5.2 Predicting Fading in 3D-AR Experiences

There is an inherent tradeoff between the amount of binocular overlap and the cyclopean FOV for a fixed monocular FOV, as demonstrated by the geometric analysis. With the perceptual studies, we can now also add predicted nonuniformity artifacts across various fixation distances into the mix to better understand the perceptual implications of specific design decisions.

By way of example, we focus here on the AR stimulus from Experiment 1. We combine the data from the divergent and convergent configurations since they were highly similar. We can then fit the average proportion fading time (F) data as a function of the proportion of each eye’s FOV that was only monocularly visible as mentioned earlier in Section 3.2.4. Here, we use (\( p_m \)) to denote this monocular proportion. We chose this variable because it was the strongest FOV-based predictor of the fading time. In order to extrapolate beyond the ratios included in the experiment, we assert that the amount of fading should be 0 when this variable is 0 (i.e., complete binocular overlap). When adding the point (0,0) to the fitting, a straight line can no longer capture the data. We found the best fitting non-linear function of the form \( b\sqrt {p_m} \), where b denotes the only free parameter. Because \( p_m \) should not exceed 1, we obtain the following piece-wise non-linear function: (7) \( \begin{equation} F = {\left\lbrace \begin{array}{ll} 1.405\sqrt {p_m}, \quad 0\le p_m\le 0.50\\ 1, \quad p_m \gt 0.50. \end{array}\right.} \end{equation} \)

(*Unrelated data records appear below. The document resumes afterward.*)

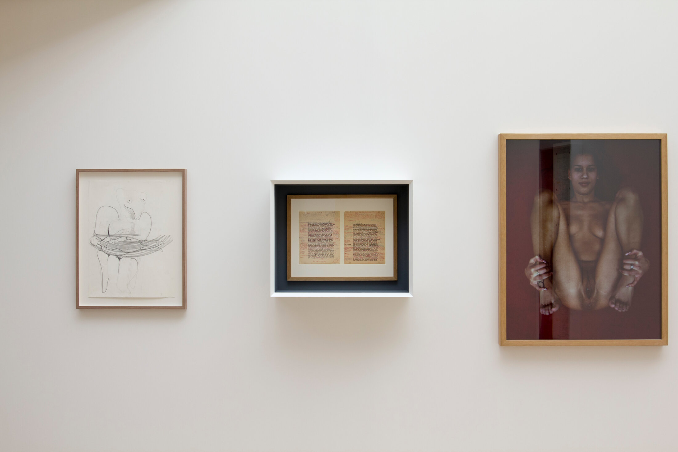 Illisible ? Oui, si l’on s’en tient à une rapide lecture bouche cousue. Ce texte comme ceux de Prostitution, Progénitures et plus encore Le Livre qu’il décrit comme son « grand dessein » en quatrième de couverture (1984), Guyotat dit qu’il les écrit « en langue ». Ils imposent au lecteur d’entrer dedans bouche ouverte, langue active. Lire Guyotat, c’est le dire. Ce n’est pas une occupation pour meubler le temps dans un train ou un tram, c’est une expérience unique. Le texte descend dans la langue (« le rythme, c’est les profondeurs », dit-il) et nous entraîne, il fore sa surface horizontale, réglementée et affadie, met à jour ses muscles, ses os, ses cartilages, son sang. Michael Dean, un des artistes de l’exposition, présente des pièces en regard d’Eden, Eden, Eden, un livre longtemps sous le coup d’une d’interdiction et qui parut en 1970, triplement préfacé par Barthes, Leiris et Sollers. Donatien Grau lui demande ce qu’il éprouve après avoir lu ce livre. Dean : « Du sang pour un muscle ».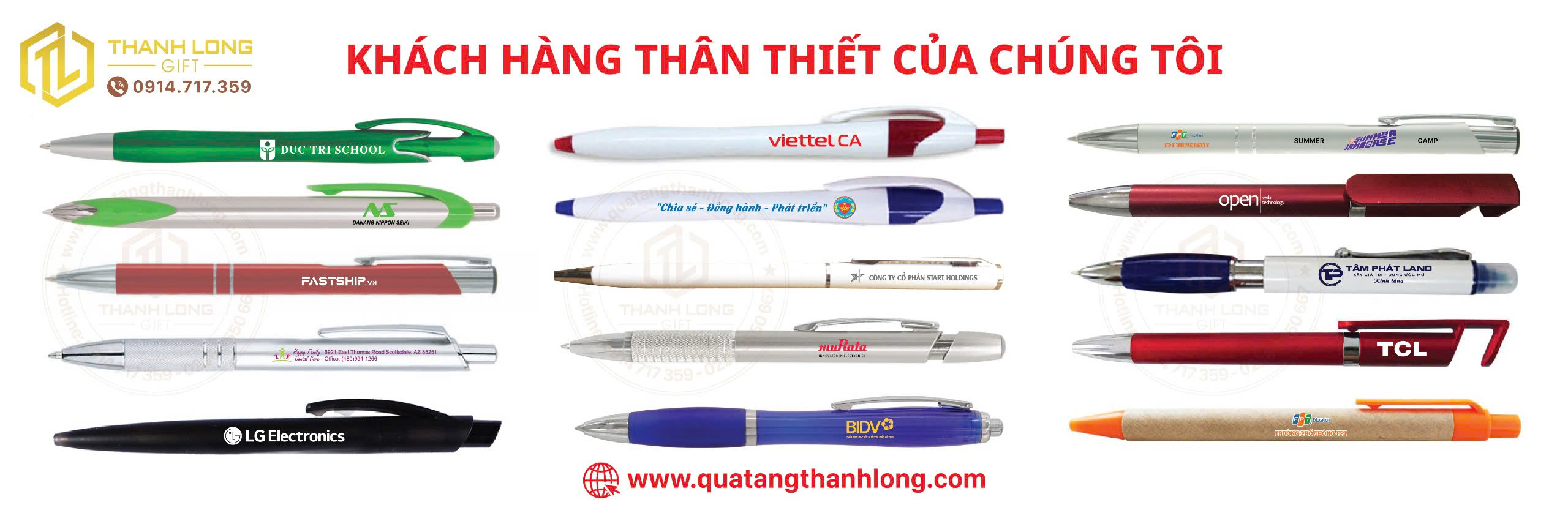 Với sự chủ động trong việc cung cấp nguồn hàng sẵn có và máy móc in ấn, Quà Tặng Thanh Long tự tin mang đến cho khách hàng những giải pháp tốt nhất cho sản phẩm bút bi quà tặng in logo thương hiệu khách hàng. Chúng tôi có thể thực hiện in bút in logo công ty trong thời gian ngắn, đảm bảo chất lượng ổn định và dịch vụ bán hàng uy tín. Với sự cam kết này, chúng tôi hy vọng trở thành đối tác lâu dài và đáng tin cậy của quý doanh nghiệp.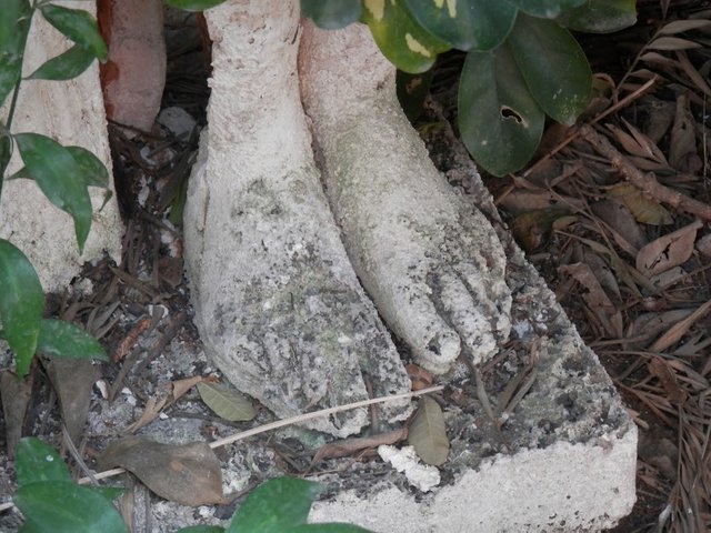 Cuando estos pies, asomando en uno de los parterres del jardín de una amiga, pensé que ahí se ocultada una escultura, retiré las ramas de una chiflera con interés, pero cual fue mi sorpresa al encontrarme solo los pies. Reconozco que la imagen me impresionó y por esa razón no dude en fotografiarlos, preguntándome porqué mi amiga los mantenía ahí.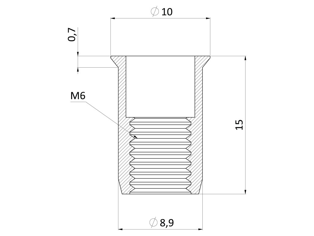 nitovacia matica M6/0.5-3.0/ mikro hlava, rýhovaný driek, VZ L = 14mm

This fit is plotted along with the average data in Figure 12(A). The first case in this equation can be solved for \( p_m \) as a function of F to calculate the largest acceptable ratio for a given threshold on fading (8) \( \begin{equation} p_m = \left(\frac{F}{1.405}\right)^2. \end{equation} \)

Fig. 12.

Fig. 12. (A) A piece-wise function was fit to the AR data from Experiment 1, including the (0,0) theoretical point. The x-axis is the ratio between monocular region and monocular FOV shown as a proportion. The y-axis is the predicted fading proportion and is capped at 1. (B) Predictions for the proportion fading time across various fixation distances for the three types of camera frusta described in the geometric analysis (parameters are the same as in Figure 11(A)).

For example, if a fading proportion of 0.50 is the maximum acceptable level (\( F \le 0.5 \)), that would suggest the proportion of each eye’s FOV that is monocularly-visible should be 0.13 or less.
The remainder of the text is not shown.